Text segmentation and tokenization utilities for LLM tokenizers.

Features

  • Sentence Splitting: Split text into sentences with exact position tracking
  • Paragraph Splitting: Split text into paragraphs while preserving structure
  • Token Range Extraction: Get exact token ranges for each sentence using iterative tokenization
  • Perfect Reconstruction: Guaranteed text reconstruction from segments
  • LLM-Ready: Designed for use with transformer tokenizers and chat templates

Installation

pip install sentences

For transformer tokenizer support:

pip install sentences[transformers]

Quick Start

Sentence Splitting

from sentences import split_text_to_sentences

text = "Dr. Smith went to the store. They bought some milk. It cost $3.50."
sentences, positions = split_text_to_sentences(text)

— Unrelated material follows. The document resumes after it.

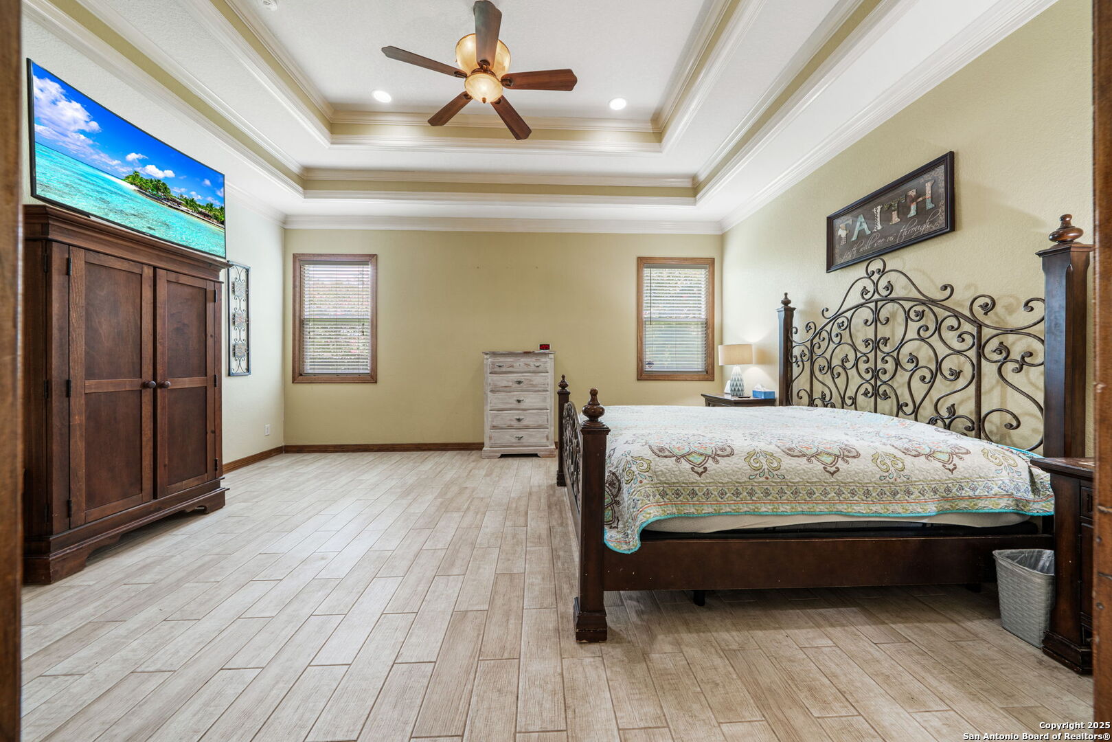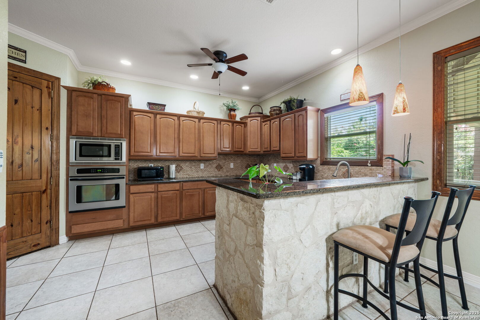 Nestled in the charming, family-oriented English Oaks community just minutes from historic Downtown Boerne, this stunning two-story custom home offers over 3,500 sf of thoughtfully designed living space, featuring 4 bedrooms, 4 baths, and a spacious upstairs game room. Showcasing striking stone and wood-accented architecture, the home exudes the upscale elegance of the Hill Country. Inside, the chef's kitchen is appointed with gleaming granite countertops, built-in stainless steel appliances, abundant cabinetry, and a spacious pantry-perfect for entertaining and family gatherings. The open layout flows seamlessly from the formal dining and open living areas to the covered patio, ideal for Texas barbecues and indoor-outdoor living. The private main-level master retreat features an oversized closet and a spa-like bath, while the executive study provides a quiet workspace or can serve as a fourth bedroom. Upstairs, secondary bedrooms are generously sized and accompanied by a game room-ideal for media, play, or additional work-from-home space. Located in the highly rated Boerne Independent School District and nestled within a walkable, friendly neighborhood known for its mature oak-lined streets and community spirit, this home combines luxury finishes, functional design, and an unbeatable central Hill Country location.

for i, (sent, pos) in enumerate(zip(sentences, positions)):
    print(f"{i}: {repr(sent)}")
    # Verify reconstruction
    assert text[pos:positions[i+1] if i+1 < len(positions) else len(text)] == sent

Token Range Extraction

Get exact token ranges for sentences with any tokenizer:

from sentences import get_token_ranges
from transformers import AutoTokenizer

tokenizer = AutoTokenizer.from_pretrained("Qwen/Qwen2.5-14B-Instruct")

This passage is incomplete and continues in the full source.